RELIGIOSA E MAIS QUEBRANTADA

Texto base: Lucas 15.1-3;11-32

A espiritualidade está em alta. Livros de espiritualidade estão sempre entre os


mais vendidos nos últimos anos. No IBGE, vemos um avanço de pessoas que se
dizem evangélicas. Até mesmo entre os que se dizem “sem religião”, vemos em
muitos uma postura de acreditar em diversas forças ou energias, buscando
leituras sobre o assunto ou até visitando diferentes locais de expressões religiosas
para se sentir bem.
No entanto, ainda que vejamos esse interesse pela espiritualidade, não
vemos mudanças produzidas a partir disso. No Brasil, a corrupção avança cada
vez mais. A violência só aumenta. Saúde e educação estão cada vez piores.
Tudo isso, mesmo com uma bancada evangélica cada vez maior.

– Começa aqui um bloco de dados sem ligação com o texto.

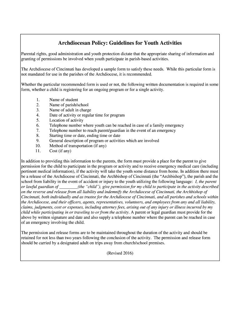 The permission and release form for archdiocese may require reporting of personal information such as name, contact details, and signature.

Esse fato mostra que a vivência da espiritualidade hoje está muito dissociada
da vida cotidiana. Como foi falado no último estudo, é uma espiritualidade quase
sempre com bastante misticismo, mas pouca prática.

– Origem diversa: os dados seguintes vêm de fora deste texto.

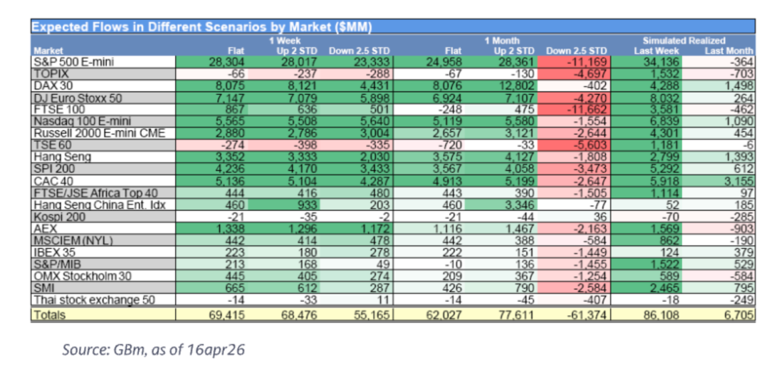 18、高盛:上周,CTA再度净买入690亿美元全球股票,其中450亿美元投向美国股票(其余为非美权益)。但需注意:370亿美元流向非美市场(含巴西、亚洲等),意味着CTA对美股的净敞口仍为净空头(即:买非美 > 买美股,整体仍偏空);CTA对VWAP风格的交易延续昨日模式——极少关注新闻事件,更多依赖技术信号;我们认为,CTA仓位变动对短期市场影响显著,若其开始系统性回补空头,将构成重要上行动能。
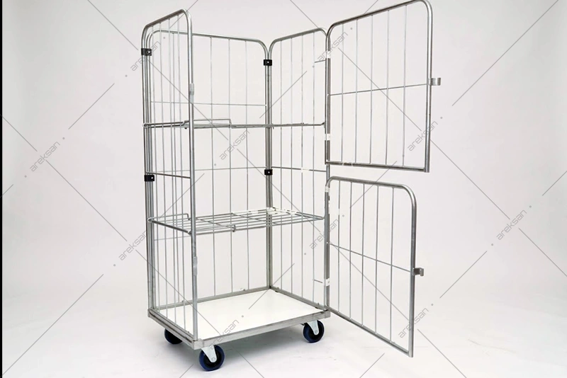 Galvaniz İki Katlı Çamaşır Arabası, galvaniz kaplamalı çift açılır kapak tasarımıyla otel çamaşırhaneleri, hastaneler, tekstil firmaları ve endüstriyel temizlik tesislerinde toplu tekstil taşıma ihtiyaçlarına yönelik üretilmektedir. Galvaniz yüzey kaplaması korozyona karşı yüksek direnç sağlamaktadır.

Nessa espiritualidade podemos ver muita gente satisfeita em realizar certos
rituais. Ir a cultos, participar de campanhas de oração, ou até mesmo trabalhar
na igreja. Muitas vezes com uma forma diferente de falar, se vestir e até agir, não
que mostre uma mudança significativa, mas mais criando uma “cultura
evangélica”. A partir disso, há uma sensação de que algumas regras foram
cumpridas, reforçando para outros que a espiritualidade cristã se resume ao
cumprimento de algumas regras, rituais e vivência dessa cultura evangélica.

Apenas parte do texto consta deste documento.